CONSULTING AGREEMENT

This Consulting Agreement (this “Agreement”) is entered into as of the 2nd day of March, 2020 between Juva Life, Inc., a California corporation (Company) and Model 4771, LLC  (“Consultant”).

In consideration of the mutual covenants set forth below, Company and Consultant agree as follows:

1. Term; Services; Records and Materials; Compensation.

(a) Term.  The initial term of this Agreement is ninety (90) days beginning as of date executed, and will renew for additional terms only upon agreement by both parties.

(b) Services.  Consultant will provide to Company the services described in Exhibit A attached hereto and as may be amended or modified from time to time as agreed to in writing by Consultant and Company (collectively, “Services”).  Consultant will perform all such Services in a timely and professional manner and in compliance with all applicable federal, state and local laws and regulations.

(c) Compensation.  As consideration for the Services to be provided by Consultant and other obligations, the Company shall compensate Consultant as specified in Exhibit B.  Consultant shall be reimbursed for reasonable travel and other out-of-pocket expenses incurred by Consultant at the request of the Company in connection with the Services; provided that Consultant provides the Company with receipts for such expenses and obtains prior approval of the Company for any expenses in excess of $250, individually or in the aggregate.

2. Protected Information.

(a) Definition.  For purposes of this Agreement, “Protected Information” means:  (i) all proprietary information of Company, whether oral or in writing or in any other medium, relating to the management, operations, products, data and inventions of the Company and its affiliated and related companies, if any; (ii) all information marked or designated by Company as confidential; (iii) all information, whether or not in written or other tangible form and whether or not designated as confidential, which is treated by Company as confidential; and (iv) all information provided to Company by third parties which Company is obligated to keep confidential.  Without limiting the foregoing, Protected Information includes patents, patent applications, inventions (whether or not patentable), discoveries, trade secrets, copyrights, trademarks, information related to or underlying such intellectual property rights and other proprietary information, know-how, ideas, drawings, specifications, data including clinical and preclinical data, techniques, models, designs, formulations, ingredients, samples, processes, testing procedures, computer programs, documentation, processing and control information, research plans and results, experimental work, product data, manuals, supplier lists, purchase and sales records, customer lists, marketing plans, product pricing information, financial information, that (i) the Company owns or has any rights in or (ii) arises out of Consultant’s performance of Services, including, but not limited to, any Developments and all information relating to Consultant’s analysis of the Protected Information.

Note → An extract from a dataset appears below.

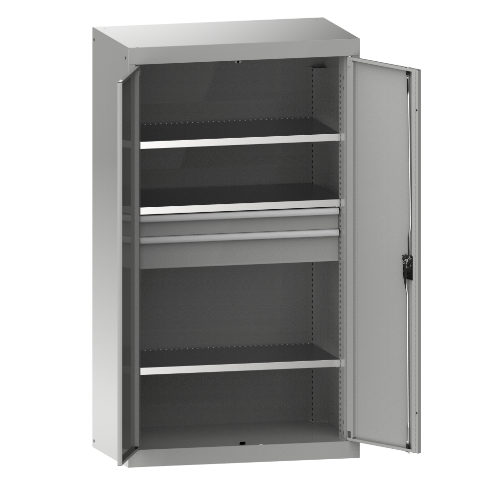 Armoire pour charges lourdes à portes battantes : Les armoires sont équipées de : rayons amovibles galvanisés, épaisseur 35 mm, rayons extensibles et tiroirs laqués gris NCS 4502-B. Portes battantes réalisées d'une pièce, en tôle pleine ou à fenêtres, au choix. Fermeture KEY Lock, CODE Lock ou RFID Lock possible.

Notwithstanding the previous paragraph, Protected Information excludes any information that (i) is or becomes part of the public domain through no act or failure to act on the part of Consultant; (ii) is furnished to Consultant by a third party without restriction on
disclosure, where such third party obtained such information and the right to disclose it to the receiving party without violation of any rights which Company may have in such information; or (iii) has been independently developed by Consultant (as evidenced by Consultant’s written records) before or after the date of this Agreement without any use of Protected Information or violation of any rights which Company may have in such information. In any dispute between the parties with respect to the exclusions in this paragraph, the burden of proof is on Consultant and such proof must be established by clear and convincing evidence.

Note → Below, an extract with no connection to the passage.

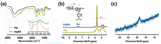 Figure 1 shows the spectroscopic characterization of AlgBA. The FT-IR spectra (Figure 1a) of sodium alginate and AlgBA show the characteristic bands of polysaccharides with carboxyl, carboxylate, and hydroxyl groups: a broad band at 3400 cm−1 (ν, O–H), 2925 cm−1 (ν, C–H), 1638 cm−1 (δas, COO), 1409 cm−1 (δs, COO), 1034 cm−1 (δ, O–C–O), and 1300 cm−1 (δ, C–C–H) The two spectra differ only in the presence of bands at 1450 and 1340 cm−1, associated with C–B and B–O bond stretching, respectively. Additionally, characteristic signals at 3.5 and 4.0 ppm correspond to the basic structure of the polymer in both spectra. At the same time, the peaks at 7.5 and 8.0 ppm are attributed to protons from phenyl groups (Figure 1b; AlgBA), which are absent in the alginate spectrum (Figure 1b; Alg). The 11B NMR spectra (Figure 1c) also displayed a peak at 19.37 ppm, indicating sp3 boron hybridization in AlgBA [38]. Inductively coupled plasma mass spectrometry (ICP-MS) was used to identify and quantify the boron content in AlgBA, which was found to be 0.86%, equal to a degree of substitution of 18%.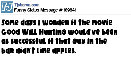 X says Some days I wonder if the movie Good Will Hunting would've been as successful if that guy in the bar didn't like apples.

(b) Consultant’s  Obligation’s .  Consultant must:

(i)  not disclose Protected Information, directly or indirectly, to any third person without the Company’s express prior written consent;
1


(ii)  not use any Protected Information for any purpose other than for the purposes of performing Services hereunder;

(iii)  hold and maintain Protected Information in trust and confidence for the benefit of Company;

(iv)  not copy, transmit, reproduce, summarize, quote or make any commercial or other use of any Protected Information except for the purposes of performing Services hereunder;

(v)  inform all persons having access to Protected Information of the confidential nature thereof and of Consultant’s obligations hereunder; and

(vi)  take reasonable security precautions and such other actions as may be necessary, and exercise the same degree of care as Recipient accords to Recipient’s own similar Protected Information, but under no circumstances less than reasonable care, to insure that there is no use or disclosure of Protected Information in violation of this Agreement.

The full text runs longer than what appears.